I’ve been posting about how the finances and politics of the sections of the American Anthropological Association affects its publication model. After some initial entries I ended up faced with a paradox — the AAA budget made it look like running publications was a loosing proposition financially, and that publications were underwritten by membership dues in the AAA. At the same time, it appeared that sections relied on revenue from journals (in the shape of sectional membership dues ) to fund their activities. Since then I’ve acquired the fuller version of the 2004 AAA budget, which provides a little more data.

Here’s the deal with the sections:

To a first approximation, it looks like there are 35 sections of the AAA, 21 of which published a journal and 14 of which did not (I include here newsletters, but not occasional papers or monograph series). 11 sections reported loosing money in 2004, and of these 6 had journals. Unfortunately the section budgets are not broken done any further than this, so I don’t know how much of their total revenue derives from membership fees as opposed to subscriptions to their journal from institutional subscribers. However I can make some intelligent guesses: in their 2004 report, for instance, the Society for Cultural Anthropology reported that 2003 subscription fees for Cultural Anthropology were US$37,006. The AAA budget reports that their total revenue for 2004 was US$53,377 (versus US$27,351 in expenses). Modulo some huge shift between 2003-2004, it looks like if you are publishing a well-known journal like Cultural Anthropology yes, it does make a lot of money for the section. The overall picture, then, is that (very) roughly one-third of AAA sections ran a deficit in 2004, two-thirds of them are publishing regularly, and there isn’t an obvious correlation between the doing the later and risking the former.

More interesting, however, is the AAA-wide budget for publications:

According to the AAA 2004 annual report, in 2003 the AAA made US$696,894 selling its journals but spent US$794,164 producing them. According to John Willinsky’s Access Principle in 2000 the AAA made US$637,950 of which came from publication revenue (I’m not counting royalties here, which are negligible). However, it cost US$790,113 to produce AAA journals. Although this data is pretty fragmentary, it suggests that prior to 2004 the AAA was running its journals at a small loss and was subsidizing, say, 15% of production costs from membership dues and other sources of revenue. This is not unusual for a scholarly society (I still don’t know how to reconcile this to the budgets for the sections, though).

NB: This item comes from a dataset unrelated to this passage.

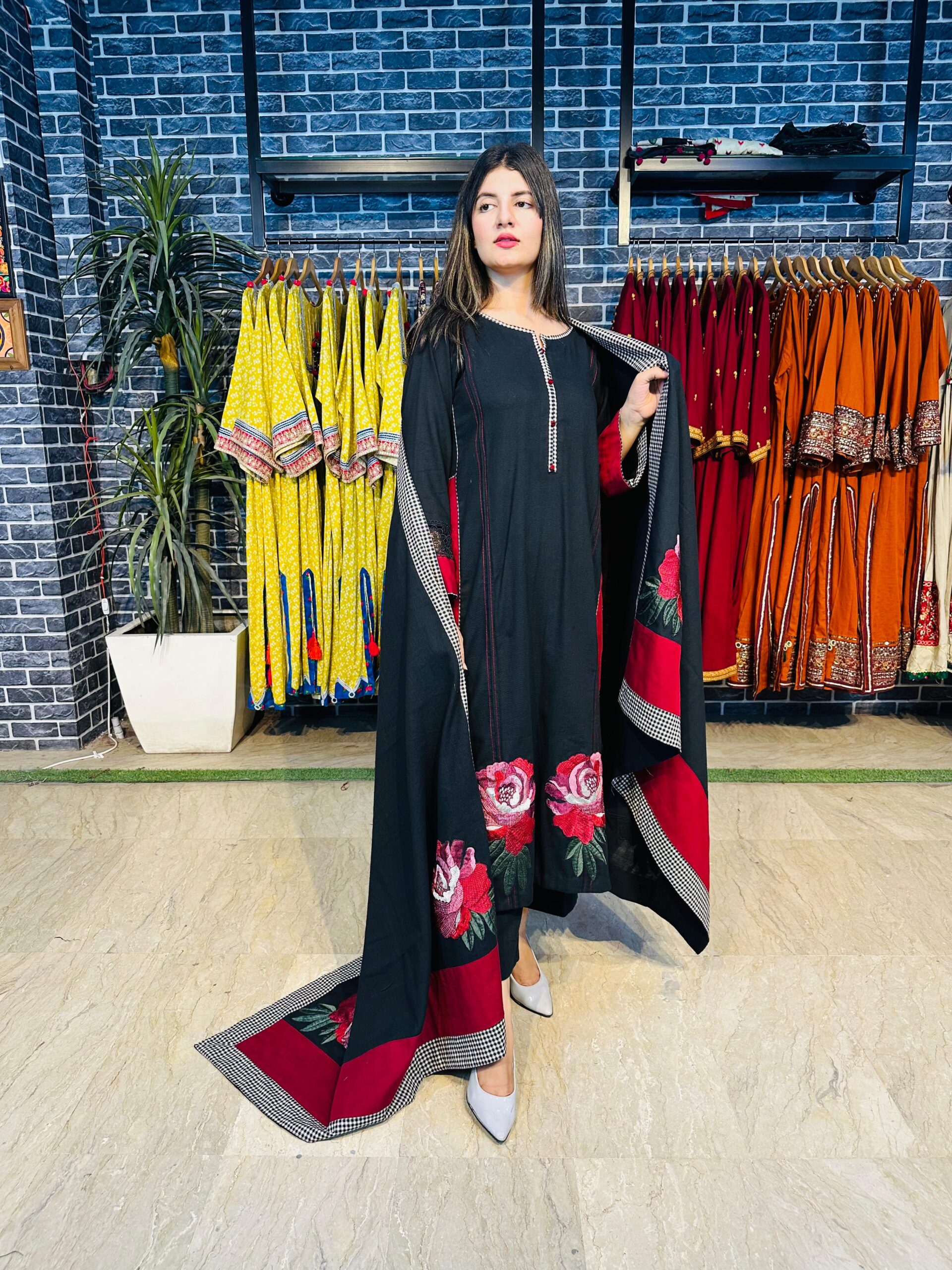 Elegant 3-piece winter outfit made from Premium Khaddar with a beautifully coded shawl. Warm, stylish, and available in all sizes.

According to the AAA 2004 budget, however, journal revenue in 2004 was US$1,301,954 and expenses were US$1,859,346. In other words, the cost of producing journals more than doubled but revenue did not rise to match, and the publication deficit broadened out to US$557,392.

Now: the full AAA budget has a breakdown of expenses (although not, alas, of revenues). The costs of printing (US$256,890) and postage (US$13,146). This might be described as the ‘paper penalty’ — the price we pay for physical copies of our journal. At US$270,036 it’s a significant amount of the budget, but still less than half of overall expenses, although to be sure it may be more, since other categories of expenditure that I don’t understand what they are could count towards the paper penalty. Now, John Willinsky urges us in The Access Principle to give up paper journals and go digital in order to shed costs. But this data suggests that, in the case of the AAA, such a move would only be a partial fix. It would help balance the books, but at considerable cost — after all, paper is an affordance (it is easier to browse paper versions of new journals than digital ones, at least for me) and AAA members probably value it and are not ready to just give up the idea of there being a physical incarnation of AE. But most critically, giving up paper only makes sense if the cost of going digital is less than the paper penalty, and it is not clear to me that, in the AAAs case, it actually is.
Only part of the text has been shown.